Ross Gittins, one of Australia’s top economic commentators outlines the reforms that shaped Australia’s economic landscape. While the nation has its share of ups and downs, Australia remains as one of the most prosperous. In this article he reveals the top 10 economic reforms that transformed the country.
- The Australian dollar has been reliant on the global market since 1983, fluctuating from $0.48 to $1.10. This reliance surprisingly helped stabilize the economy, keeping inflation at bay.
- The entry of foreign banks and allowing banks and lenders to have their own interest rates increased competition, lowering lending standards that caused a recession in the early 1990s.
- Income tax rates dropped from 60% to 49% in 1985 for capital gains and fringe benefits.
- Import duties and quotas were stripped off of manufactured goods in 1988.
- Government businesses were privatized. The Commonwealth Bank and Quantas are a few that were involved in these changes.
- Collective bargaining was introduced at the enterprise level in 1993, leading to individual contracts and reduced worker protection.

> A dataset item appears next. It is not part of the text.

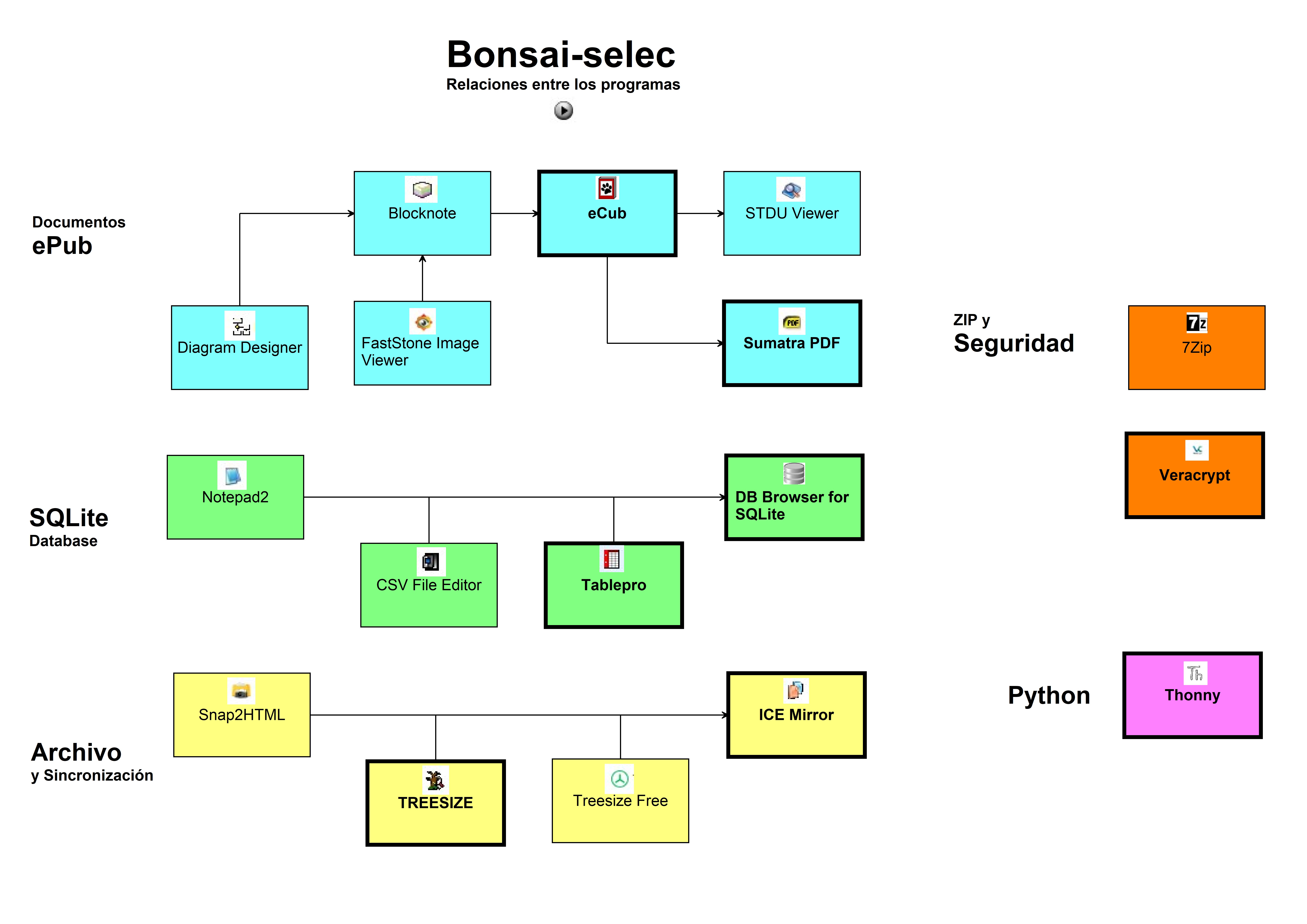 Algunas de estas y otras aplicaciones me han acompañado ya un par de décadas, y mis colecciones o ‘jardines’ hechos con ellas han variado de componentes y tamaño, pero algunos de estos programas siguen funcionando, en algún caso años después de que ya nadie los mantenga, por lo que algunos son difíciles de encontrar. Sin embargo voy a hablar de 5 ‘líneas’ de trabajo con pequeñas aplicaciones, que aún tienen mucho que ofrecer. A estas líneas de trabajo las llamo: ePub, SQLite, Archivo, Seguridad y Python. Como veis, tres de ellas tienen nombres propios.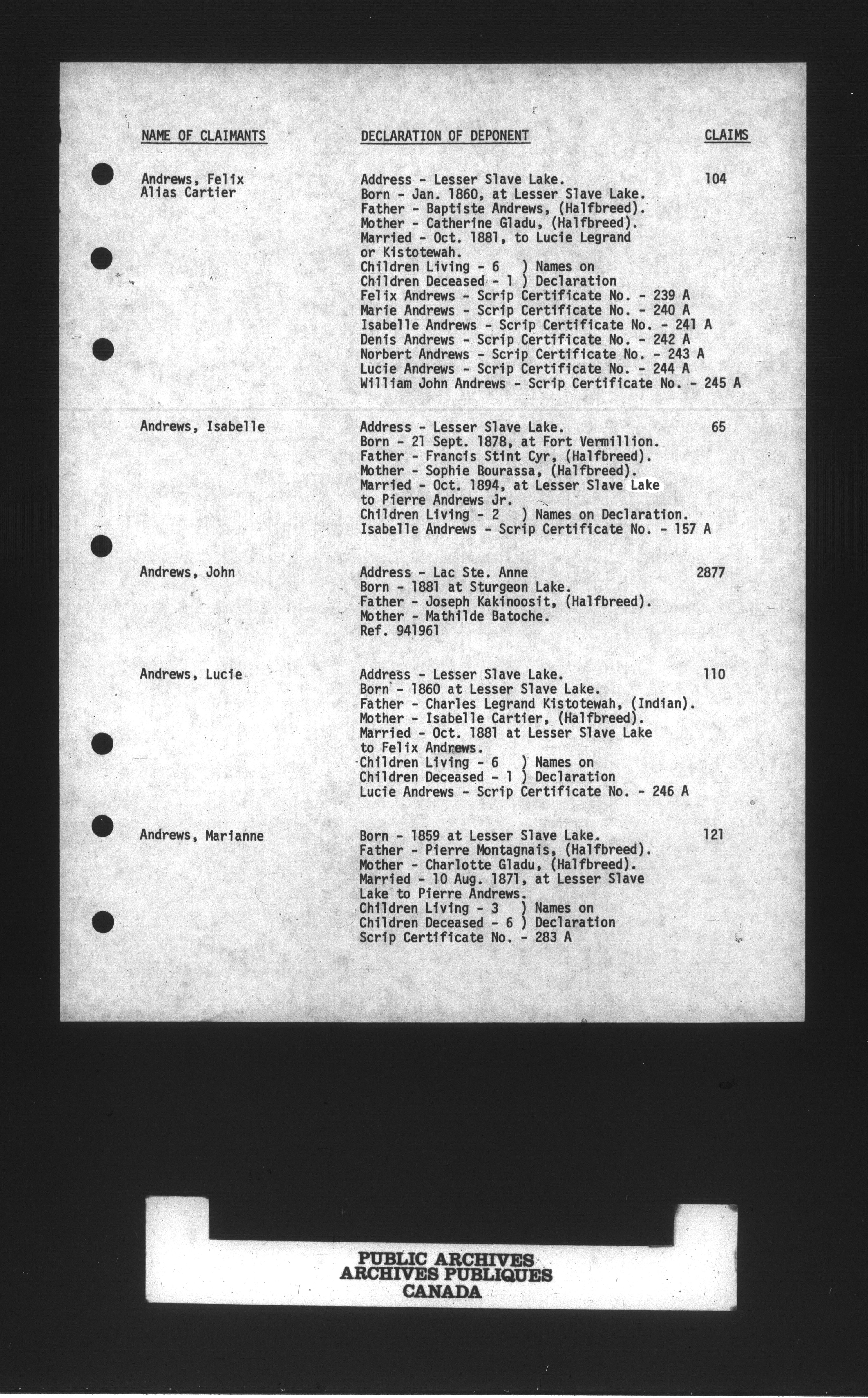 Department of the Interior, Dominion Lands Branch : North-West Territories Métis scrip applications - 14943

- The Trade Practices Act of 1995 was established to encourage privatization and deregulation. The restrictions were further tightened on anti-competitive behavior.
- The Reserve Bank was given the green light to make decisions independently in 1996, keeping inflation within 2% – 3% and had full control over interest rates.
- Goods and Service Tax was implemented in 2000.
- Mining and Carbon Taxation to discourage carbon monoxide emissions.
These reforms – good and bad, have shaped Australia to what it is today.